An exchange rate is a rate at which a currency of certain country will be exchanged for other currency in foreign exchange market. The currency exchange rates are subjected to various factors, but predominantly on the demand and supply of currency at time of exchange.
Information about the exchange rate is crucial when doing business or sending remittances from the US to India. For example, knowing the value of the exchange rate between a USD and an INR can be beneficial before sending money to your loved in India from the US.
Today, there are many remittance services for conversion and transfer of money from USA to India. Money2India service from ICICI Bank offers competitive exchange rate and zero transfer fees for transaction above USD 1,000for money transfers from USA to India. This helps you get valuable savings on each remittance transaction and the receivers in India get a maximum amount.
Now that we understand what a money exchange rate is, let’s focus on its types and the factors associated with the changes in exchange rates.
Difference between Fixed Exchange rates and Floating exchange rates:
Fixed Exchange Rate System:
In Fixed exchange rates system, the rates are pegged against dominant currencies in the world like USD. The rates are usually fixed by the respective country’s government and do not rely on external market factors. This is done so that foreign exchange is stable. Countries like Qatar and Saudi Arabia have fixed exchange rate system.
Since the value of a currency is fixed and shielded by fluctuations, this creates a dependency on government on having enough foreign reserves to keep the economy stable.
Floating Exchange Rate System:
This system is also known as the flexible exchange rate, as it depends on supply, demand, and other factors. The government is not involved in deciding this exchange rate system. Hence, it is volatile in nature. The volatile nature of such a system can sometimes generate speculations. Countries like India, Australia, UK have floating exchange rate system.
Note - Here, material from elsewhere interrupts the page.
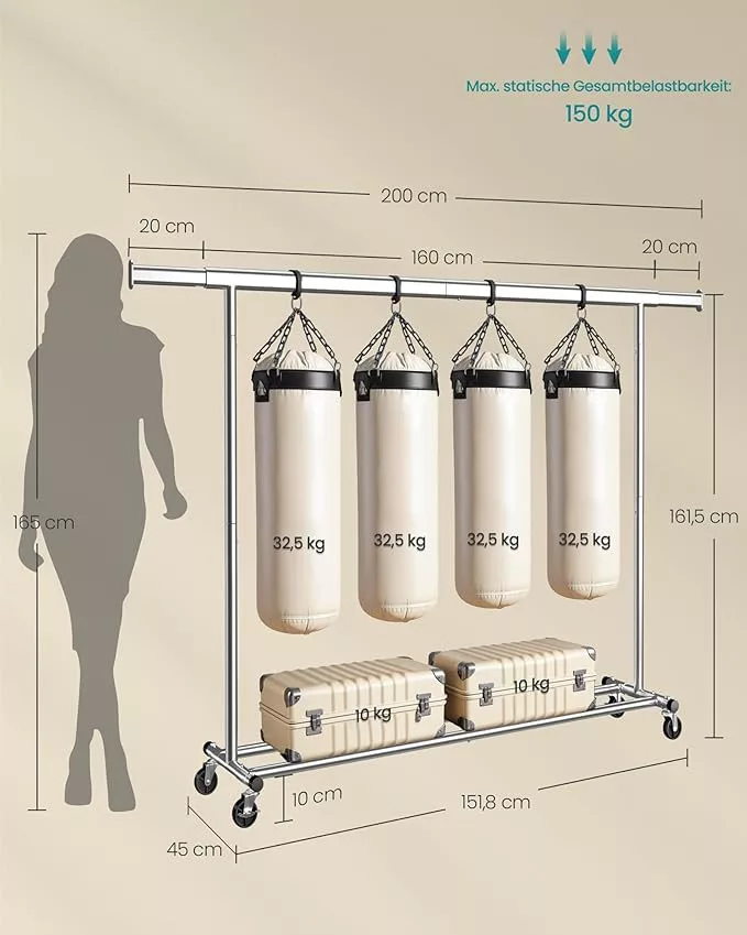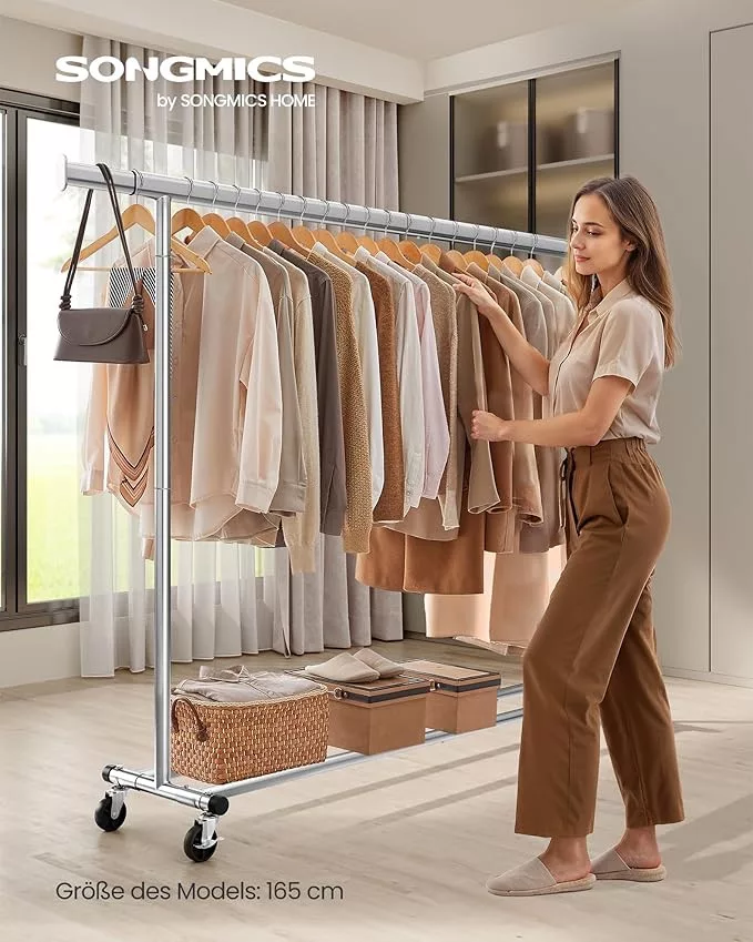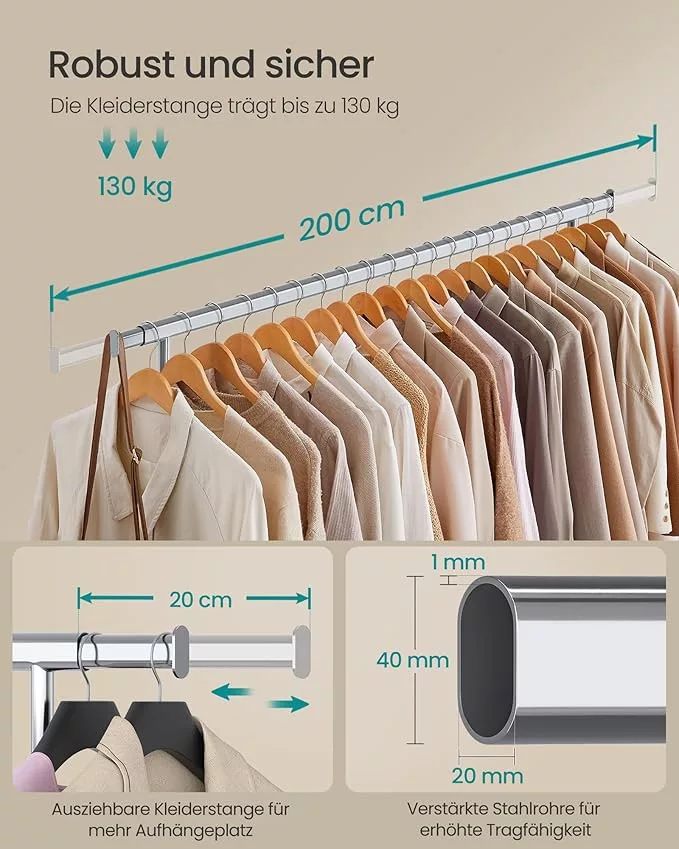 Ez a SONGMICS ruhaállvány egyesíti a robusztus kialakítást a praktikus funkcionalitással. Az 1 mm falvastagságú acélcsövek és a megerősített szerkezet kivételes, 150 kg-os teherbírást biztosít, míg a kihúzható rúd 160-200 cm között állítható a maximális tárolókapacitás érdekében.

Factors That Affect the Exchange Rate
Inflation/Deflation:
Inflation/Deflationindirectly affects changes in exchange rates. Higher inflation or Deflation may invite government intervention in controlling the floating currency in the market which can result in the appreciation or depreciation of a currency.
Interest Rates:
The interest rate affects the exchange rates as higher interest rates attract foreign investments in the country which usually comes in U.S. Dollars. This increased supply of dollars will affect the USD-INR value in foreign exchange market. The difference between Interest rate of two countries often affect the exchange rate of their currenciessoa higher interest rate if translate to foreign investments support the rise in the exchange rate.
Recession:
If a country faces a recession, the government usually reduces interest rates to boost the economy. This also reduces foreign investments which usually in dollars. Government may also consider quantitative easing to increase the floating money in the market. These factors contribute to imbalance the USD to INR currencies in market thus depreciating exchange rates.
All of these factors contribute to changes in the exchange rates worldwide. Overall, these factors are complex and subject to market changes. Whether you plan on investing or making remittances, you need to be aware of these factors, which will help you make an informed decision.